The former championed secularism, universalism and anti-clericalism, and upheld the rights of Jews. Its advocates prevailed in the famous Alfred Dreyfus case at the turn of the 20th century, when a Jewish army officer who had been falsely imprisoned as a German spy by antisemitic elements in the general staff was exonerated.
The issue divided France from the affair’s inception in 1894 until its resolution in 1906.
The right-wing tradition culminated in the Nazi collaborationist Vichy government in World War II under Marshal Philippe Pétain, when some 90,000 Jews were sent to their deaths.
The decades preceding the 1940 defeat of republicanism saw the rise of fascist movements and ideologues. Already in January1934, fascist groups in Paris rioted trying to overthrow the Third Republic.
Writers such as Edouard Drumont, Maurice Barrès, Drieu La Rochelle, and Charles Maurras presented a resurgent clericalism and a heightened xenophobia as the solution to France’s malaise, in opposition to the Enlightenment rationality of the left.
Maurras’ reactionary Action Française movement denounced the Third Republic as “the Jew State, the Masonic State, the immigrant State.”
The Vichyites, defeated in World War II, lost ideological and political power, their ideas anathema to most. Upon his conviction in 1945 for “complicity with the enemy” during the German occupation, Maurras exclaimed: “It’s Dreyfus’s revenge!”
But has the National Front emerged out of this tarnished tradition? Le Pen himself certainly has. Already in the 1960s, he called for the rehabilitation of collaborationists. He asked, “Was General de Gaulle more brave than Marshal Pétain? It was much easier to resist in London than to resist in France.”
Le Pen was fined by a French court in 1996 for saying that the gas chambers used to kill Jews in the Holocaust were “merely a detail in the history of World War II.” Three years later a German court fined him for a similar comment judged to have minimized the Holocaust.
In 2004 France’s highest court convicted him of inciting racial hatred for telling a newspaper in 2003 that Muslims would one day run France and strike fear into the hearts of the non-Muslim population.
Le Pen’s kind of prejudice has been making strange alliances in recent years with the new kind of left-leaning antsemitism, represented by people like the black comedian Dieudonné M’bala M’bala. The two men have become friends.
Marine Le Pen has modified the party’s positions while remaining opposed to the European Union. She also favors a “radical change of politics” in order to drastically reduce the influx of illegal immigrants towards France, as well as a moratorium on legal immigration.
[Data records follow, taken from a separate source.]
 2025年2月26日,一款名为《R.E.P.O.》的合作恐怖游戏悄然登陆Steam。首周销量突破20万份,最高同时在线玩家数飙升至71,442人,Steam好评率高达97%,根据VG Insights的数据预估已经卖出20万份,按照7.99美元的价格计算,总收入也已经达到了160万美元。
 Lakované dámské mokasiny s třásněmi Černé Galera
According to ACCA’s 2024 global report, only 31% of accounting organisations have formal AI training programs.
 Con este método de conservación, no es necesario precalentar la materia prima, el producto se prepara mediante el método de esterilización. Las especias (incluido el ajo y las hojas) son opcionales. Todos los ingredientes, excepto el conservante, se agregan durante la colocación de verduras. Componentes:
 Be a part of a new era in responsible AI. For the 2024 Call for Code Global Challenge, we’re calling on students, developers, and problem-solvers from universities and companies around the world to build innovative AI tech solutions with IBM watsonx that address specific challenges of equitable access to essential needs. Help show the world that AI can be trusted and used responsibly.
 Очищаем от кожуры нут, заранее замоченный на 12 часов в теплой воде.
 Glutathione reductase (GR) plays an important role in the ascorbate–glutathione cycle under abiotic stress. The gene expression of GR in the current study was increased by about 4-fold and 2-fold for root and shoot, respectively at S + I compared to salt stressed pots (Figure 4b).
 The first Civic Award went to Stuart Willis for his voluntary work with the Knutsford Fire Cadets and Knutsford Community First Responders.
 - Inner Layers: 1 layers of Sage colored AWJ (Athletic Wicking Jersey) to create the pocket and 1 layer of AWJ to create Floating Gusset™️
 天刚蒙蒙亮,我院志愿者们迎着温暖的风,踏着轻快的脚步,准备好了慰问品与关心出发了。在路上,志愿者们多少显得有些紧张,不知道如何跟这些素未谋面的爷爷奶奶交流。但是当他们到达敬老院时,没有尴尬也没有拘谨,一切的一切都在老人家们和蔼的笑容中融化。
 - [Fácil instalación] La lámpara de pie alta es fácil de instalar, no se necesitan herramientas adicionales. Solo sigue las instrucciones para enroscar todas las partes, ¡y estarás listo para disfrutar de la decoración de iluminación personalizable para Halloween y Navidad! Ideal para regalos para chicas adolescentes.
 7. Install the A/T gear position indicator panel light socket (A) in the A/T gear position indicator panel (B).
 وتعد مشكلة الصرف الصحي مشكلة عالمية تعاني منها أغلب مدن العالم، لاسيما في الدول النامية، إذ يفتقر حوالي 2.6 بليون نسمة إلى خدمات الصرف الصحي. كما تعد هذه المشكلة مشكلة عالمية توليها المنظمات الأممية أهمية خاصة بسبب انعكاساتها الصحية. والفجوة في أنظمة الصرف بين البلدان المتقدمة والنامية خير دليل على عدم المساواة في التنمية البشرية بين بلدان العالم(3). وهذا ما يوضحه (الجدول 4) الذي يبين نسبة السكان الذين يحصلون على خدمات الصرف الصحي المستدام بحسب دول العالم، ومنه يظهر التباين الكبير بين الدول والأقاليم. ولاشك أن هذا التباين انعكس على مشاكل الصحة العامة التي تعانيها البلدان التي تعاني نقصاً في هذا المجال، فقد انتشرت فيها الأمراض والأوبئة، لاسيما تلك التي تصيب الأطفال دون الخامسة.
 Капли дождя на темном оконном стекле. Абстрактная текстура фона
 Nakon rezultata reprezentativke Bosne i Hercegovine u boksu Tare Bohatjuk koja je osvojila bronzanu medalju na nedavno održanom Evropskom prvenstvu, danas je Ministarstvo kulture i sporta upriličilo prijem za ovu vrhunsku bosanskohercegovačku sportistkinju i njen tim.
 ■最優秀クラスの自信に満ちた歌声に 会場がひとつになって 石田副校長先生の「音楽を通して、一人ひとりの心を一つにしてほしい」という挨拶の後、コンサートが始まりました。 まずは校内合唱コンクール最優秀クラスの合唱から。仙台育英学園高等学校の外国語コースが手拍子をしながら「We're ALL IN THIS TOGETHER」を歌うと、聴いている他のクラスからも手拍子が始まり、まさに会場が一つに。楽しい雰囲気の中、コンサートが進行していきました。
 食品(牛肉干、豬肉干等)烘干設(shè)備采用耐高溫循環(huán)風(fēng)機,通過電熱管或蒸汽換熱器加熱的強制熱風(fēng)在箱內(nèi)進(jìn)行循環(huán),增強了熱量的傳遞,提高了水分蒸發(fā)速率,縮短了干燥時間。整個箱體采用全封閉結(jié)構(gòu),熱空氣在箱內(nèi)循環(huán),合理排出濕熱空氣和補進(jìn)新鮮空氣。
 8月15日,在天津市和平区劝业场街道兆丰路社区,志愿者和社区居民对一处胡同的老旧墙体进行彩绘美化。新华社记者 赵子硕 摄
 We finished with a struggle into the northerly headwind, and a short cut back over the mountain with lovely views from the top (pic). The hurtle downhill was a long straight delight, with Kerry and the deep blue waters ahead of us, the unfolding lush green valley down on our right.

The NF leader maintains that the party resolutely “condemns any form of antisemitism in the strongest terms.” She has rebuked her father for his recent remarks. Indeed, she even hopes the NF gains some Jewish support, since the main danger to the French Jewish community now comes from Islamist radicals.
Henry Srebrnik is a professor of political science at the University of Prince Edward Island.